Shaking his head and clenching his fist, G’joth said, “I did not intend—”
“No, of course you didn’t. You didn’t intend to betray all of us.”
The lunch he’d hastily grabbed at the opera house started welling up G’joth’s throat from one of his stomachs. “I betrayed no one, Klaad! You and Krom could have come with me! I asked you to come with me!”
Klaad was still holding the door open, presumably because he did not wish G’joth to stay for any length of time. “We have discussed this before, G’joth. Unlike you, we had families.”
“And they would be treated better if you had come with me.” He pointed at Kimm. “Certainly, that would never have happened!”
“A son should know his father,” Klaad said.
G’joth shook his head. “So better that you grow flabby and old working with my father. Did they transfer you to a desk position, Klaad? Is that why you disgrace yourself?”

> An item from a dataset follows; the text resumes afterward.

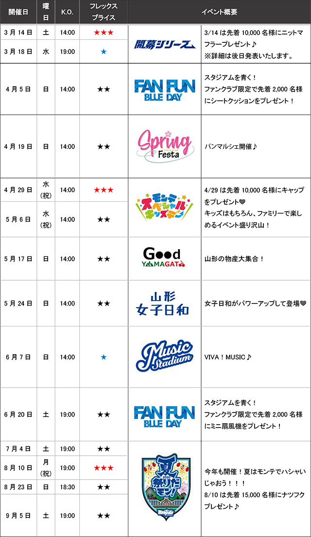 モンテディオ山形の9月5日までのホームゲームイベントが決定しましたので、皆さまにお知らせします。

That prompted a bitter laugh from Klaad. “Your father and I do not work together, you stupid petaQ, because we do not work. The company went out of business half a turn ago.”
“No.” G’joth shook his head. “Father was at work yesterday. He is home today because of yobta’ yupma’, but—”
“Your father lies, G’joth. I would think even you would be astute enough to see that. He preserves the illusion for the sake of you and your sister, but he does not work.”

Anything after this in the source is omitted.